EXERCISE:
Output the lines from the top of the entries below to the line with "開催日 2026年3月22日(日) イベント名", both included, exactly and without pictures.

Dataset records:
================================
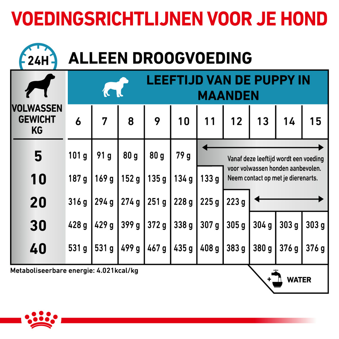Omdat dit een Royal Canin dieetvoeding is, is het belangrijk dat je deze voeding alleen aan je hond geeft als dit is geadviseerd door je dierenarts. Mocht je overschakelen naar deze voeding, doe dit dan geleidelijk in een tijdsbestek van 7 dagen. Zorg dat je elke dag zorgvuldig de juiste hoeveelheid voeding afweegt.
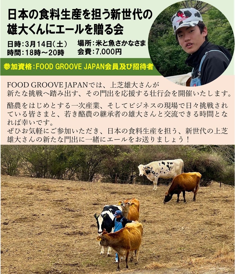 開催日 2026年3月22日(日) イベント名 梛木春幸氏×さかなさま ~心ふるえる食育の会~ 会場 米と魚 さかなさま日本橋茅場町店 参加条件 誰でも参加可能 参加費 昼の部:大人2500円子供1500円 夜の部:18000円 ※お支払いは当日にて現金のみ 詳細・予約はこちら
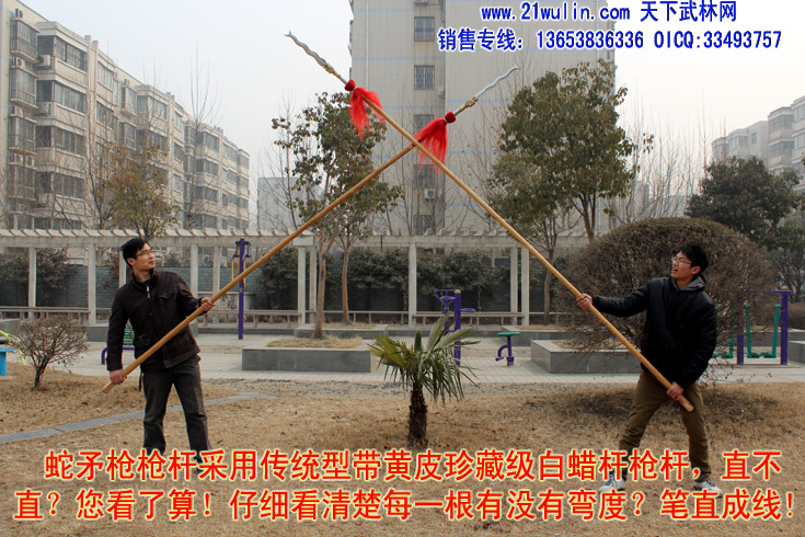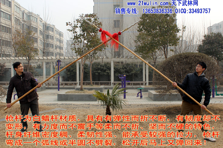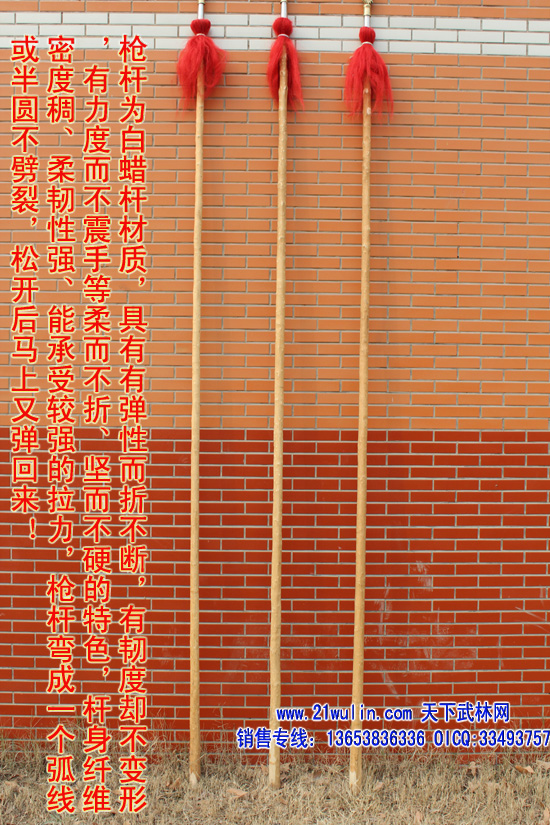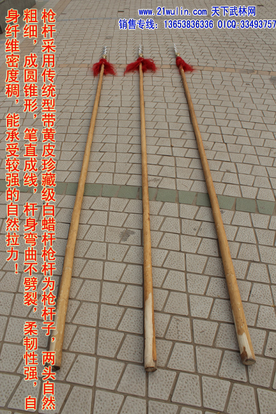1、枪杆:杆采用传统型带黄皮珍藏级白蜡杆为枪杆子,两头自然粗细,成圆锥形,笔直成线,杆身弯曲不劈裂,柔韧性强,自身纤维密度稠,能承受较强的自然拉力。在干燥的地方不劈裂,在潮湿的地方不变形,其弹性、韧性是其它木质不可比拟的,为最佳武术长器械配杆。
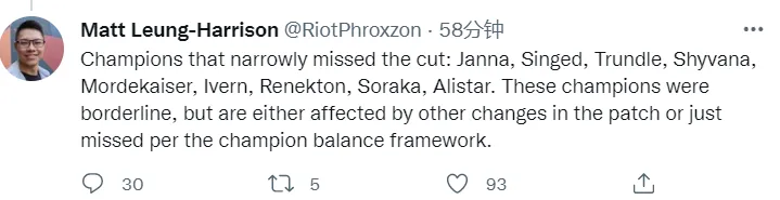 “以下是一些差点就得到改动的英雄:风女,炼金,巨魔,龙女,铁男,艾翁,鳄鱼,索拉卡,牛头。这些英雄在处于被修改的边缘,但是要么受到版本中的其他改动影响,或者是因为英雄平衡框架而错过了这次改动。”
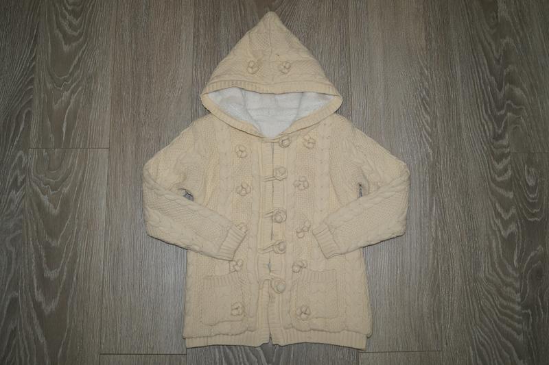 Красивый кардиган с капюшоном для девочки бежевого цвета. Застегивается на пуговицы, 2 кармана. Замеры: Длина 47 см Полуобхват груди 36 см Длина рукава 42 см Стан очень хорош, покупали новым, носил только наш ребенок. На одном рукаве есть маленькая затяжка (акуратно зашита в ателье, визуально совсем не заметно, видна на последнем фото).
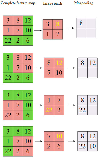 Feature maps generated through convolutional filter and activation function are further summarized by the max pooling process. Smaller feature maps are generated by max pooling as it reduces the size, therefore mitigating the computational load and reducing the chance of overfitting. Complexity for the next layers is reduced with downsampling, which is achieved using a pooling layer. The most important type of pooling is max pooling which returns only a rectangular sub-region of an image with a maximum value of the sub-region. The largest or maximum value of each patch of every feature map is calculated with the max pooling operation. The results are down-sampled and highlight the most present features in the patch, the process of max pooling is shown in Figure 4.
================================
RESPONSE BOX:
Omdat dit een Royal Canin dieetvoeding is, is het belangrijk dat je deze voeding alleen aan je hond geeft als dit is geadviseerd door je dierenarts. Mocht je overschakelen naar deze voeding, doe dit dan geleidelijk in een tijdsbestek van 7 dagen. Zorg dat je elke dag zorgvuldig de juiste hoeveelheid voeding afweegt.
 開催日 2026年3月22日(日) イベント名 梛木春幸氏×さかなさま ~心ふるえる食育の会~ 会場 米と魚 さかなさま日本橋茅場町店 参加条件 誰でも参加可能 参加費 昼の部:大人2500円子供1500円 夜の部:18000円 ※お支払いは当日にて現金のみ 詳細・予約はこちら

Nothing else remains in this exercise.